NFL safety rules trickle down to keep young athletes safer


High school football is changing.

Student athlete John David Johnson said, "When we were younger, we would hit full on every day as hard as we can."

But no more. Last year, Johnson suffered a concussion during a Kinkaid High School game.

"I blacked out, was dizzy, kind of saw stars," he recalled.

It was three weeks before he was cleared to return to play. Teammate Dawson Smith suffered a concussion and sat out his playoff games.
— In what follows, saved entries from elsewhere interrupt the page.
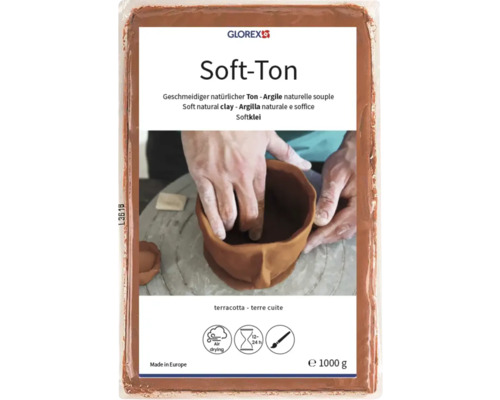 Soft-Ton ist ein natürlicher, speziell weicher und geschmeidiger Ton. Hervorragend für Kinder geeignet. Härtet an der Luft und wird extrem fest. Fertige Modelle können individuell bemalt werden. Soft-Ton ist lufthärtend
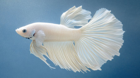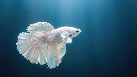 A graceful white betta fish is captured in a medium shot against a deep blue backdrop. The fish displays intricate fin details. The lighting creates highlights and shadows, emphasizing textures. This image may be useful for aquatic life articles, educational resources, or as a decorative element.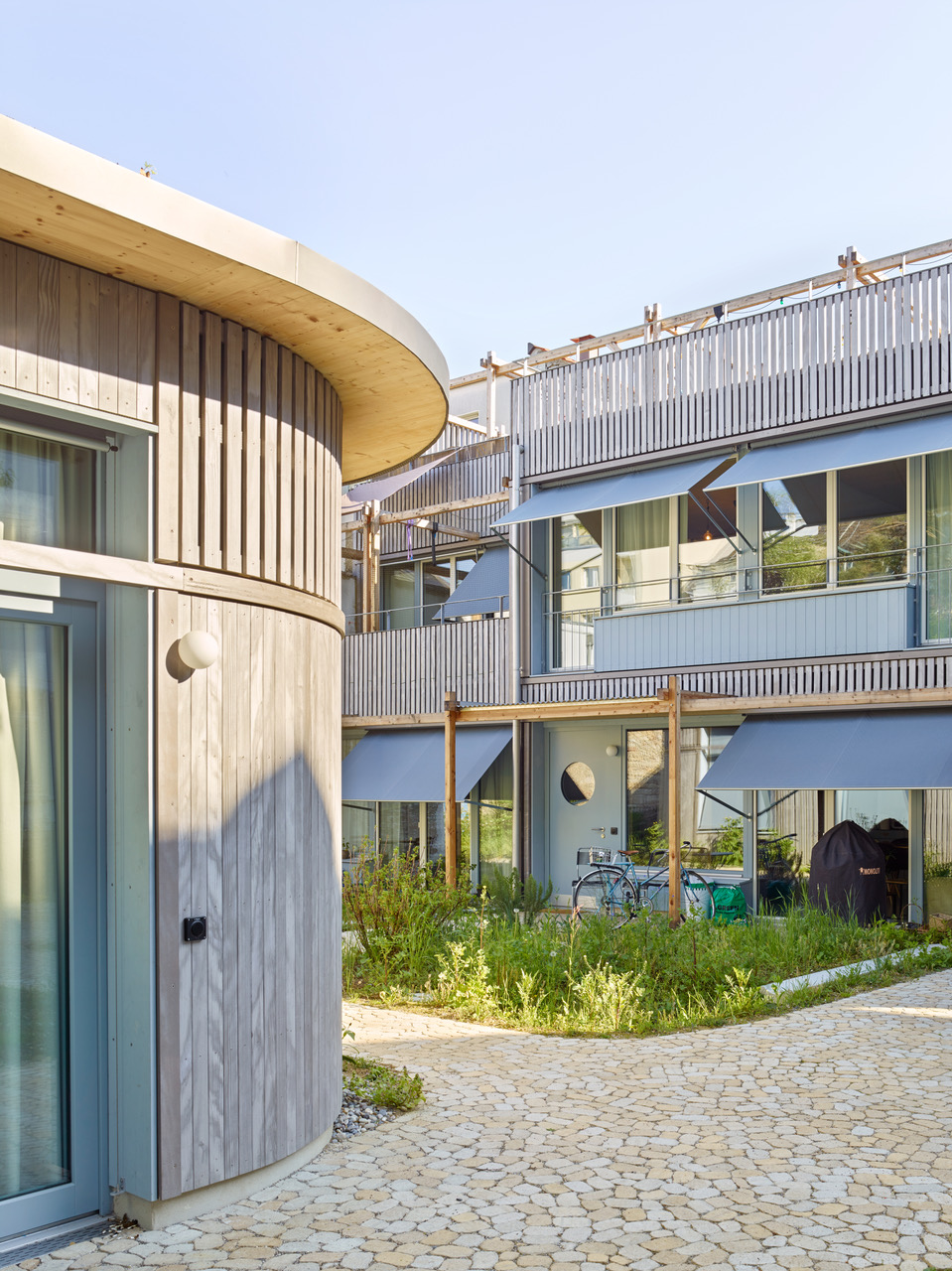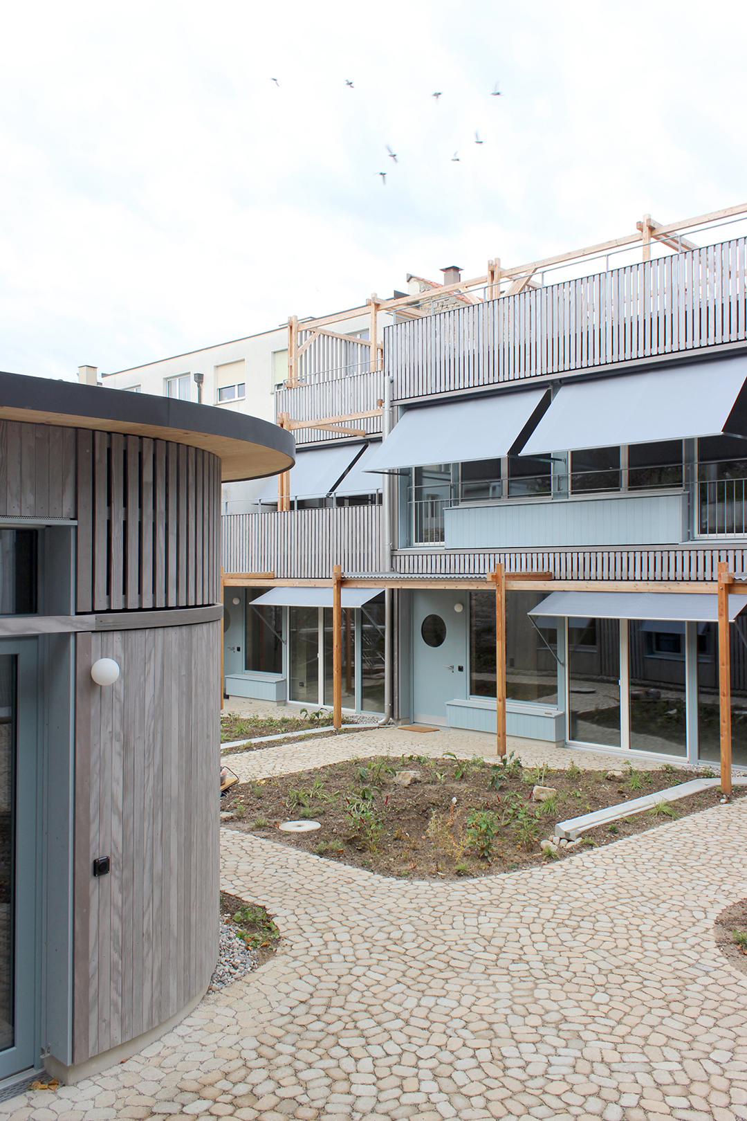 Not only the ecological and reduced materialisation accompanied by direct construction methods were in the foreground, but also the social sustainability preserved through the idyllic, intimate and small-scale atmosphere of the plot.
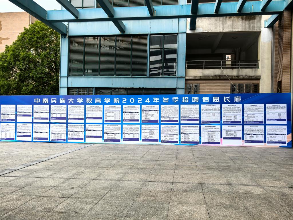 此外,为助力实现更对口、更高效的就业,教育学院在15栋教学楼下精心设立了2024年冬季招聘信息长廊。该长廊涵盖了以武汉地区为主并辐射周边城市的招聘信息,招聘单位类型广泛,既包含各类教育培训机构、科技传媒公司,亦涵盖各类学校。

"I went to the locker room and everything was a blur," Smith said. "I was nauseous, really dizzy and i just started vomiting."

Their concussions were recognized quickly and treated. Young players are the beneficiaries of new safety rules that started in the NFL.

"We have a responsibility to football at all levels," said Texans General Manager Rick Smith. "Hopefully we're setting an example and that's why we talk about getting the head out of the game."

Jimmy Roton, Jr., head athletic trainer for Kinkaid, said, "With the pro sports doing all that, it's trickled down to us. We're doing the impact test, your helmets have to be certified."

The new protections are important because doctors say younger players are more susceptible to injury when they keep playing after a concussion.

"If your son or daughter does get a concussion, you need to treat it properly to make sure we don't cause any long term effects from it," explained Kenneth Podell, PhD, with the Houston Methodist Concussion Center.

High school players are getting the message that they're safer because of these changes.

"Risking my brain's health for a year of high school football, it's not worth it," Smith said.